For Oedipus, we did get some explanation about the project and its overall failure in regards to that book, which I’m going to copy over from that post below:

[Oedipus] was going to join their “Booklover’s Tour of the World” plan that they had going at the time, with the book to be printed and illustrated in Greece to truly showcase its cultural style. The following month, Nazi Germany began their invasion of France, which led to Paris being taken in June. In the chaos that ensued, the Club lost contact with their printer, Kiron Theodoropoulos, and their illustrator, Demetrios Galanis. The Club had seen Galanis’ work in print form before the war kicked off, so they knew the work had been completed, but alas, it would be quite some time before the LEC were able to recontact their Greek collaborators. Luckily, both men were alive following the war’s aftermath, but the book was in dire straits. Over the war’s duration, vandals broke into Theodoropoulos’ press, the Pyrsos Press, and had destroyed the pages of type prepared for the book. The engravings were still intact, but their condition was no longer satisfactory. The Club wanted to see for themselves, and the American Embassy in Athens had become involved, sending an interested party to the Press to retrieve and ship the engravings to the Club. This occurred in 1953. Once in their hands, the engravings were deemed printable.
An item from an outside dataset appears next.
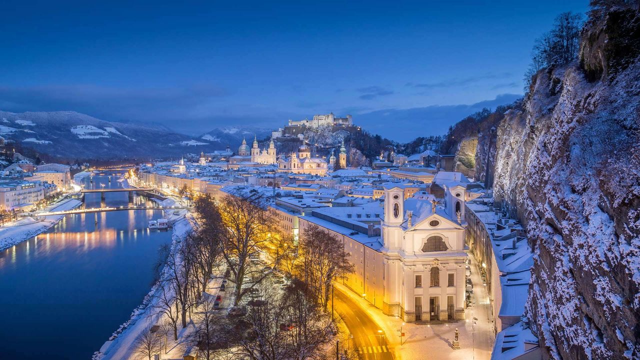 ホーエンザルツブルク城とザルツァハ川 クリスマスの時期のザルツブルクの町並み オーストリアの風景Beautiful Photo.net世界の絶景 美しい景色。

The Club then decided that their lofty aborted plan of “The Booklover’s Tour of the World” was no longer limiting the book to be printed in Greece, so they turned to Jan van Krimpen in the Netherlands to design the book based on Galanis’ initial plans to have the Greek on one side and the English on the other.

So in the end Van Krimpen did get his chance to be a part of the series, although a long ways removed from reproducing a classic piece of Dutch literature!

So let’s spin back to the Heritage Press for a moment. The Heritage Press did publish their own Song of Songs back in 1935 (1500 of which are signed by artist Valenti Angelo!), so that particular title does have a Macy publication under its belt, even if the original intent for its LEC was lost. And we do somehow have the intended The Praise of Folly available as a Heritage edition, printed in Holland by Van Krimpen and featuring woodcuts by Masereel, issued as an exclusive. As I lack a Sandglass for the Heritage Praise, I can’t go into any specifics, but I imagine a similar situation took place a la Oedipus; Van Krimpen and/or Masereel were unable to fulfill the commission due to the war, and Macy had to audible in Ward to get the book out. However, as the war concluded, there was an opportunity to put out the proposed Praise, but with the LEC released not all that long ago Macy decided to instead publish it as a Heritage exclusive. That’s all speculation on my part, but it seems reasonable to assume.

Regardless, this is arguably among the nicest exclusives of the Heritage Press, and it’s unsurprising given Van Krimpen’s expertise. Masereel’s woodcuts are lusciously reproduced and the text is sharp and crisp.

Monthly Letter (source)

Spine

Slipcase – This matches the binding quite nicely.

Title Page – The Heritage and LEC share its translator/introduction, so Harry Carter and Hendrik Willem Van Loon (respectively) pul double duty on this book.

Examples of the Illustrations by Masereel (right click and open in new tab for full size):

Personal Notes – I picked this up at Bookbuyers last November. It was pretty neat being able to snag three exclusives in one fell swoop, and as usual I paid nothing beyond credit for them.